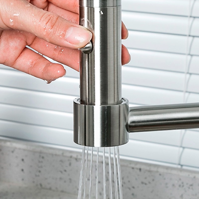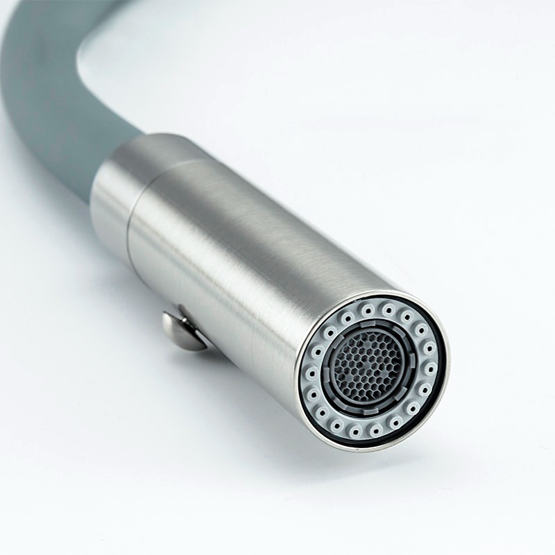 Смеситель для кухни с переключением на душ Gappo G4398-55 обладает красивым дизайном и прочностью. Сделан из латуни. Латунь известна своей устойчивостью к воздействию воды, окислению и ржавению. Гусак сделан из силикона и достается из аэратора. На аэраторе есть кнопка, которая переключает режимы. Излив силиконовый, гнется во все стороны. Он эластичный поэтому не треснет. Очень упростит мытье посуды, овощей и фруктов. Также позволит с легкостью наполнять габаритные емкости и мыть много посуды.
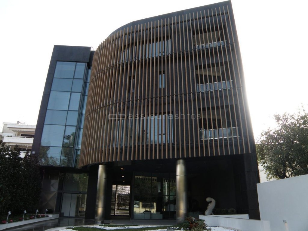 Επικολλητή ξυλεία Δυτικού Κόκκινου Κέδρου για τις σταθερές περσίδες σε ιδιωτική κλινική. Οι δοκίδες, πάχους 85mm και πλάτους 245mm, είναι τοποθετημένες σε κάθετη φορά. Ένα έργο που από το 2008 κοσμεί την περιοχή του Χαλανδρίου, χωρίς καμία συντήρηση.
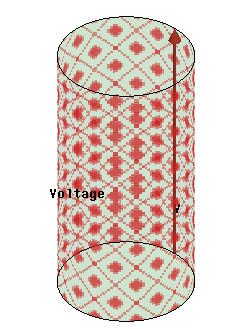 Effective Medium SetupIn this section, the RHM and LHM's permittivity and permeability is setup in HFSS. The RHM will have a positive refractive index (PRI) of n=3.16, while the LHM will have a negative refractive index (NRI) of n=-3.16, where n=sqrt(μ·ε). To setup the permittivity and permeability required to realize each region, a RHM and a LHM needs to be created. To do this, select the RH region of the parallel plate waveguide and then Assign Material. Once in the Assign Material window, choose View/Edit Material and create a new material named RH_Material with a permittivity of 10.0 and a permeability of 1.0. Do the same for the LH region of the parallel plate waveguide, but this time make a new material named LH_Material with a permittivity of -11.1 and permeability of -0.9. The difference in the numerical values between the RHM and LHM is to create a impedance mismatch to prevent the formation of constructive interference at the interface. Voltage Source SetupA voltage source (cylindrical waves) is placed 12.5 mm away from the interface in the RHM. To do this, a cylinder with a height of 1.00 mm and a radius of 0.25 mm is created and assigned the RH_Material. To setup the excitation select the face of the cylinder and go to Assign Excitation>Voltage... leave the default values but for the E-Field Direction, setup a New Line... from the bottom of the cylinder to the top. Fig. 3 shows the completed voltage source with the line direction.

▸ What to produce: When copying the listing, skip the pictures and keep each line exactly as written.

▸ Result for this exercise:
 Смеситель для кухни с переключением на душ Gappo G4398-55 обладает красивым дизайном и прочностью. Сделан из латуни. Латунь известна своей устойчивостью к воздействию воды, окислению и ржавению. Гусак сделан из силикона и достается из аэратора. На аэраторе есть кнопка, которая переключает режимы. Излив силиконовый, гнется во все стороны. Он эластичный поэтому не треснет. Очень упростит мытье посуды, овощей и фруктов. Также позволит с легкостью наполнять габаритные емкости и мыть много посуды.
 Επικολλητή ξυλεία Δυτικού Κόκκινου Κέδρου για τις σταθερές περσίδες σε ιδιωτική κλινική. Οι δοκίδες, πάχους 85mm και πλάτους 245mm, είναι τοποθετημένες σε κάθετη φορά. Ένα έργο που από το 2008 κοσμεί την περιοχή του Χαλανδρίου, χωρίς καμία συντήρηση.
 Effective Medium SetupIn this section, the RHM and LHM's permittivity and permeability is setup in HFSS. The RHM will have a positive refractive index (PRI) of n=3.16, while the LHM will have a negative refractive index (NRI) of n=-3.16, where n=sqrt(μ·ε). To setup the permittivity and permeability required to realize each region, a RHM and a LHM needs to be created. To do this, select the RH region of the parallel plate waveguide and then Assign Material. Once in the Assign Material window, choose View/Edit Material and create a new material named RH_Material with a permittivity of 10.0 and a permeability of 1.0. Do the same for the LH region of the parallel plate waveguide, but this time make a new material named LH_Material with a permittivity of -11.1 and permeability of -0.9. The difference in the numerical values between the RHM and LHM is to create a impedance mismatch to prevent the formation of constructive interference at the interface. Voltage Source SetupA voltage source (cylindrical waves) is placed 12.5 mm away from the interface in the RHM. To do this, a cylinder with a height of 1.00 mm and a radius of 0.25 mm is created and assigned the RH_Material. To setup the excitation select the face of the cylinder and go to Assign Excitation>Voltage... leave the default values but for the E-Field Direction, setup a New Line... from the bottom of the cylinder to the top. Fig. 3 shows the completed voltage source with the line direction.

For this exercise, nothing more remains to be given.